The Islamic Trade Finance Corporation (ITFC) has provided US$761.5mn in financing to the government of Pakistan for energy imports.
State-owned firms Pakistan State Oil Company, Pak Arab Refinery and Pakistan LNG will use the facility to fund imports of crude oil, refined petroleum products and liquefied natural gas (LNG), Pakistan’s ministry of economic affairs says in a statement.
The syndicated murabaha facility, signed on November 10 and available immediately, has a tenor of one year. The ITFC had not responded to a request for further details of the deal from GTR as of press time.
The ministry said that the ITFC had initially agreed to extend US$300mn in financing for energy imports, but the deal was significantly oversubscribed due to the “growing energy needs of the country and enhanced confidence level of international financial institutions on its economic reforms and recovery amid the Covid-19 pandemic”.

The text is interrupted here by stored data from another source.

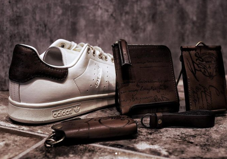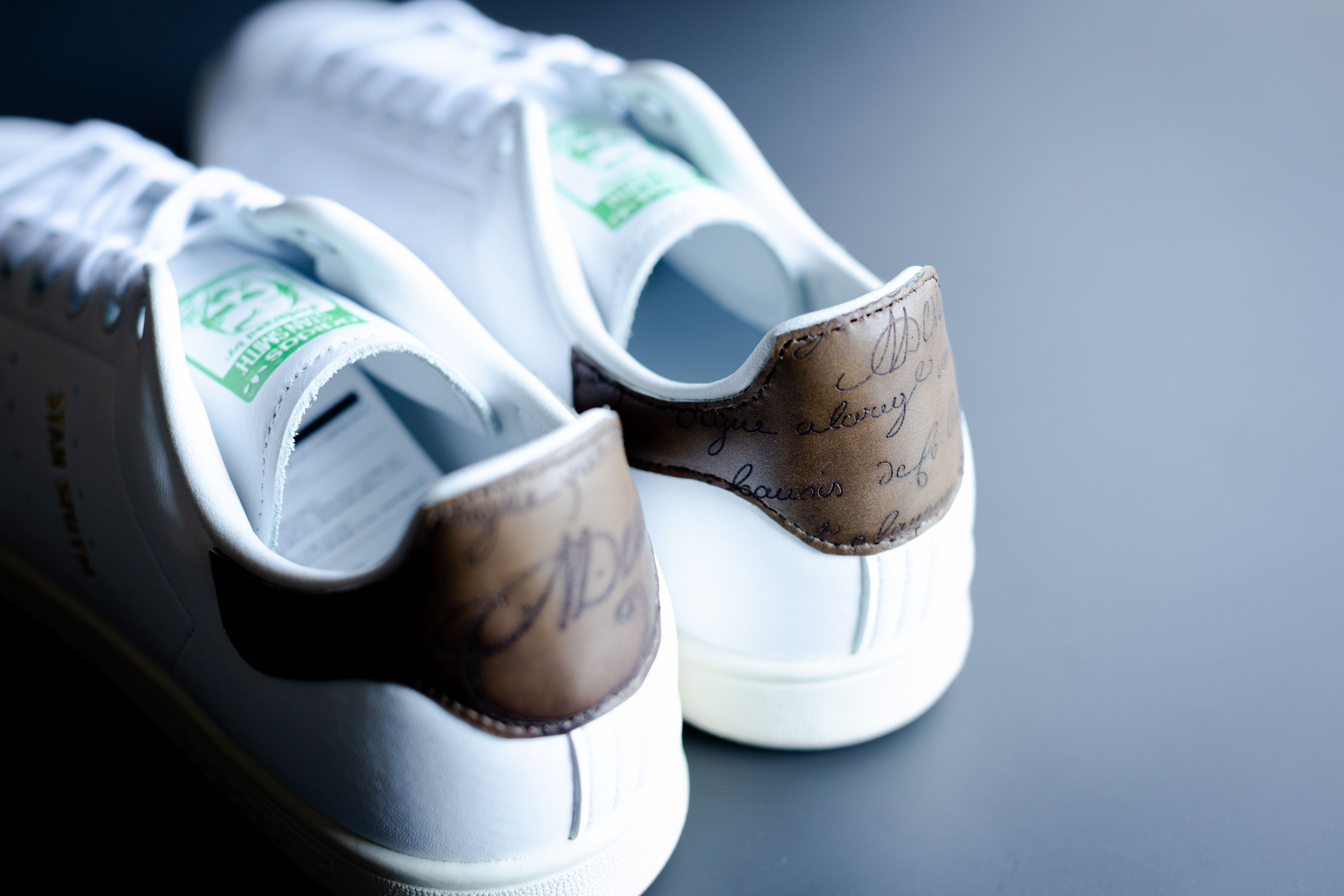 スタンスミスの特徴であるヒールパッチを張り替えるカスタム事例。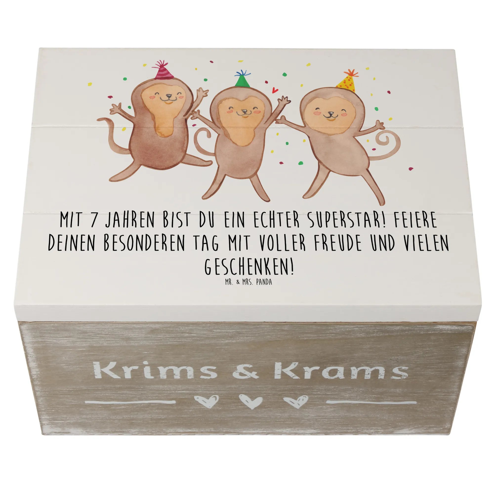 Die wunderschöne Holzkiste von Mr. & Mrs. Panda ist das perfekte Geschenk zum 7. Geburtstag! 🎉 Mit dem fröhlichen Motiv "Mit 7 Jahren bist du ein echter Superstar!" sorgt diese Erinnerungskiste für einen unvergesslichen Tag. Sie ist nicht nur eine bezaubernde Dekokiste, sondern auch eine praktische Schatzkiste, um die besonderen Momente der Kindheit festzuhalten. Ob für Geschenke, Fotos oder kleine Schätze – diese Kiste ist vielseitig einsetzbar.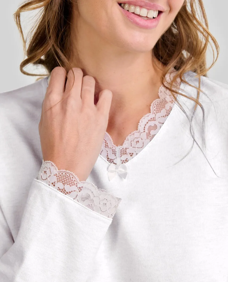 Женская ночная рубашка Lohe с кружевом, V-образным вырезом и классическим длинным рукавом.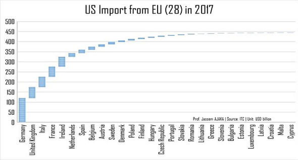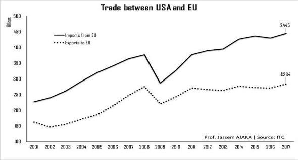 وبنظرة إلى التبادل التجاري بين الولايات المُتحدة الأميركية والإتحاد الأوروبي، نرى أن الولايات المُتحدة الأميركية (عدد سكانها 326 مليون شخص) تستورد من الإتحاد الأوروبي بقيمة 445 مليار د.أ أي ما يوازي 18% من إجمالي صادرات الإتحاد. في حين أن الإتحاد الأوروبي (عدد سكانه 512 مليون شخص) يستورد من الولايات المُتحدة الأميركية بقيمة 284 مليار د.أ أي ما يوازي 12% من استيراد الإتحاد الأوروبي. وعلى رأس قائمة السلع التي يُصدّرها الإتحاد الأوروبي إلى الولايات المُتحدة الأميركية نجد السيارات والمعدّات (24.5%)، المواد الكيميائية (22.4%)، ومعدات النقل (20%). أما على رأس الصادرات الأميركية إلى الإتحاد الأوروبي، فنجد السيارات والمعدّات (27%)، المواد الكيميائية (21%)، ومعدات النقل (17%).
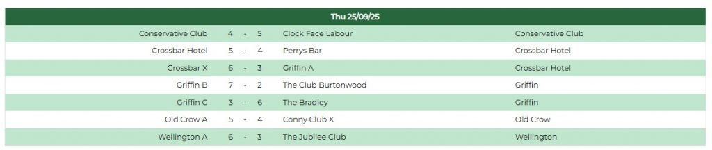 Three teams remain unbeaten — Clock Face Labour, Crossbar X, and Old Crow A — setting the pace with perfect records. Right behind them, The Bradley, Griffin B, Crossbar, and Wellington A are all within striking distance. Further down the table, Perrys Bar, The Jubilee Club, and The Club Burtonwood are still searching for their first points.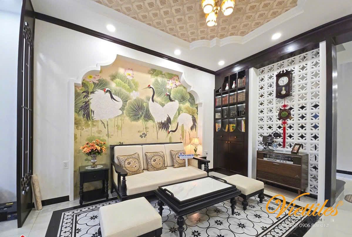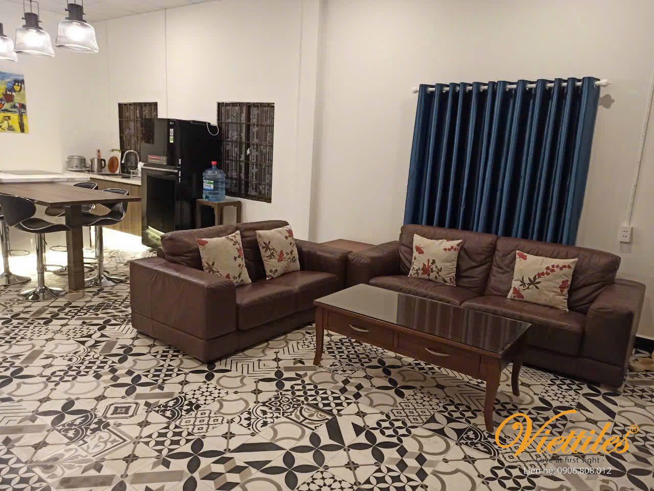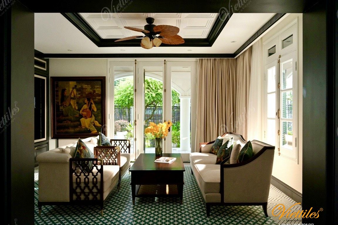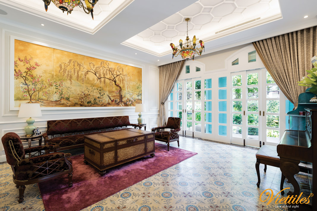 Viettiles cement tiles help the living room not only be beautiful but also "harmonize feng shui – prosperity – welcome fortune".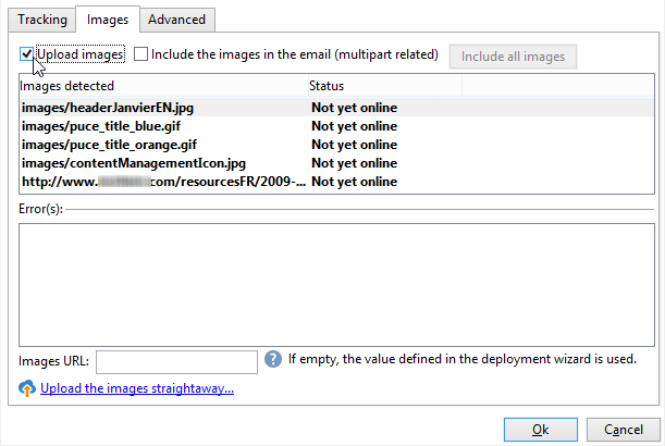 Você pode trabalhar com antecedência e carregar imagens para que elas possam ser visualizadas por outros operadores do Adobe Campaign. Isso pode ser útil se você trabalhar de forma colaborativa. Para fazer isso, clique em Upload the images straightaway… para fazer upload das imagens no servidor.

“The financing facility will also be helpful in financing [the] oil and gas import bill of the country and easing pressure on foreign exchange reserves,” the statement adds.
Pakistan’s import costs hit a record high this year, according to official data cited by Bloomberg, due to surging prices of key commodities such as LNG.
In February, the Pakistani government and ITFC also agreed on an annual financing plan for energy imports under which the ITFC, part of the Islamic Development Bank, said it would provide US$1.1bn in financing.